Department of Pharmacology, Gyeongsang National University School of Medicine, Jinju, Korea.
J Neurosci Res. 2012 Aug;90(8):1646-53. doi: 10.1002/jnr.23053. Epub 2012 Mar 31.
Glutamate-induced neurotoxicity has been implicated in the pathogenesis of neurodegenerative disorders; however, little is known about the cellular events that underlie neurotoxicity or how to impede these events. This study demonstrates that peroxisome proliferator-activated receptor (PPAR)-δ regulates glutamate-induced neurotoxicity in HT22 mouse hippocampal cells. Activation of PPARδ by GW501516, a specific ligand, significantly inhibited glutamate-induced cell death and reactive oxygen species (ROS) production in HT22 cells. The siRNA-mediated knockdown of PPARδ abrogated the effects of GW501516 in neuronal toxicity and ROS production induced by glutamate. In addition, ligand-activated PPARδ reduced the glutamate-induced level of intracellular calcium ions (Ca(2+)) by modulating the influx of Ca(2+) from the extracellular space. Similarly, glutamate-induced cell death and intracellular Ca(2+) levels were attenuated in the presence of LY83583, an inhibitor of soluble guanylyl cyclase. Taken together, these results suggest that PPARδ plays an important role in glutamate-induced neurotoxicity by modulating oxidative stress and Ca(2+) influx.

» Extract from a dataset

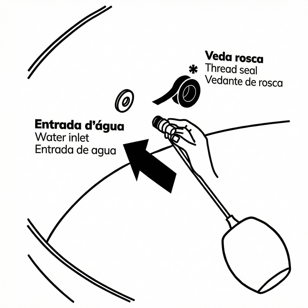 Vedação: Aplique fita veda rosca (teflon) na rosca de entrada (3/4") da torneira de bóia.
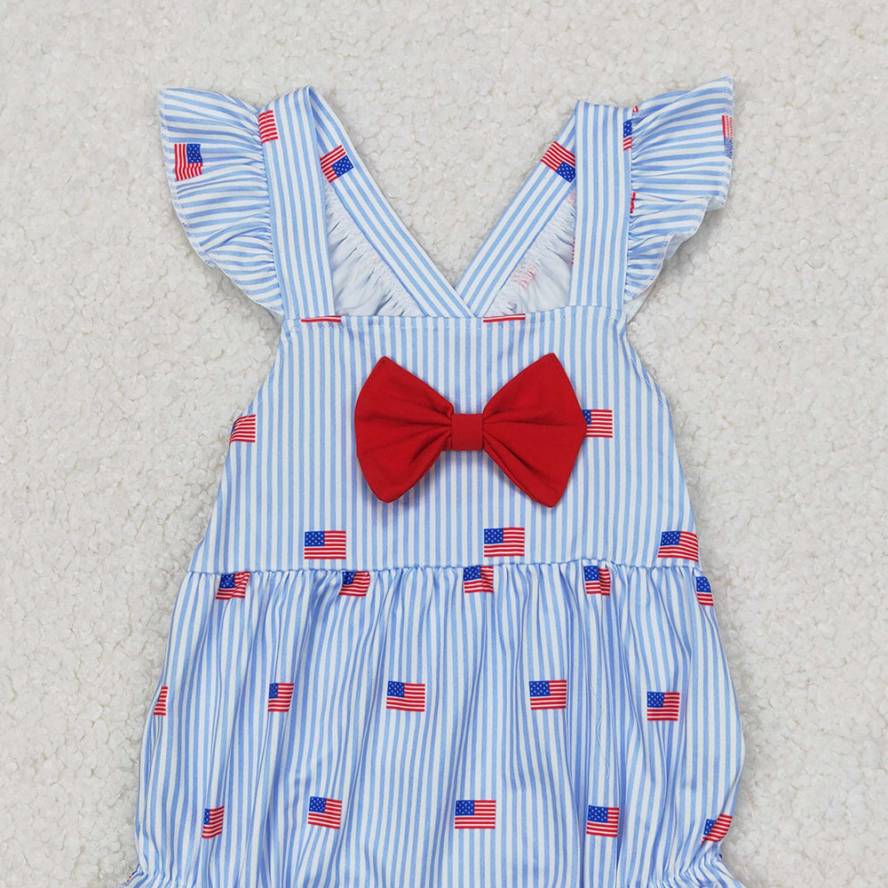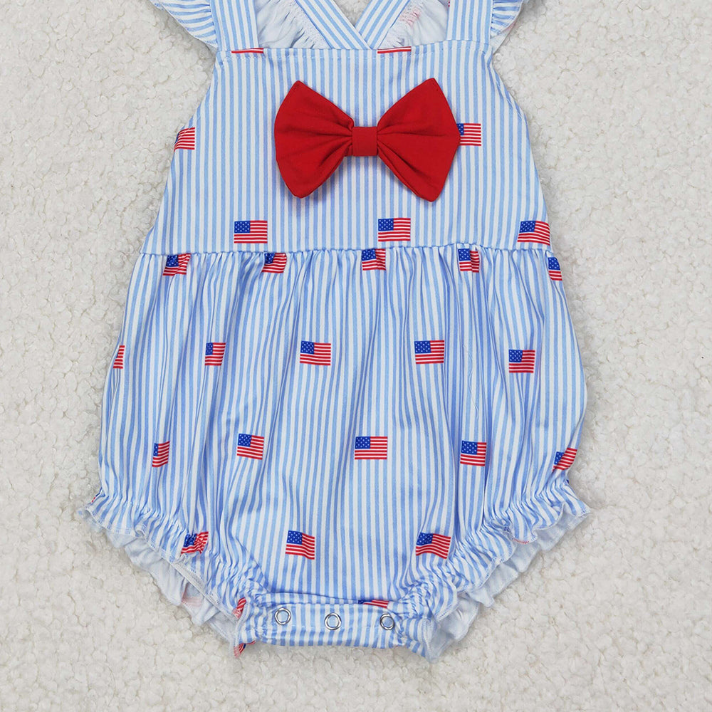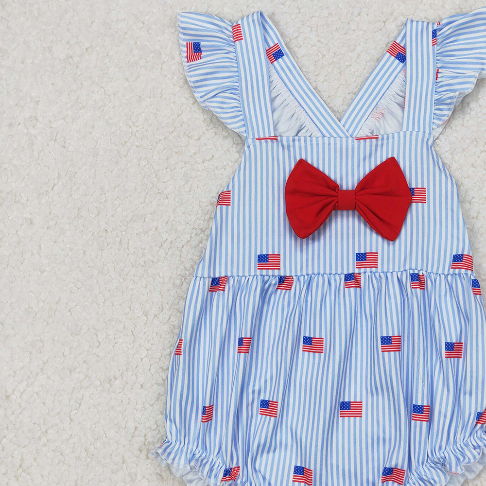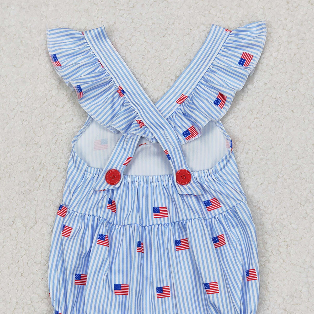 4.17 SR2921 RTS NO MOQ Flutter sleeves stripe flag baby girls 4th of july romper

谷氨酸诱导的神经毒性与神经退行性疾病的发病机制有关;然而,对于导致神经毒性的细胞事件以及如何阻止这些事件知之甚少。本研究表明过氧化物酶体增殖物激活受体 (PPAR)-δ 调节 HT22 小鼠海马细胞中的谷氨酸诱导的神经毒性。特异性配体 GW501516 激活 PPARδ 可显著抑制 HT22 细胞中谷氨酸诱导的细胞死亡和活性氧 (ROS) 产生。siRNA 介导的 PPARδ 敲低消除了 GW501516 在谷氨酸诱导的神经元毒性和 ROS 产生中的作用。此外,配体激活的 PPARδ 通过调节细胞外 Ca(2+) 内流来降低谷氨酸诱导的细胞内钙离子 (Ca(2+)) 水平。同样,在存在可溶性鸟苷酸环化酶抑制剂 LY83583 的情况下,谷氨酸诱导的细胞死亡和细胞内 Ca(2+) 水平降低。综上所述,这些结果表明 PPARδ 通过调节氧化应激和 Ca(2+) 内流在谷氨酸诱导的神经毒性中发挥重要作用。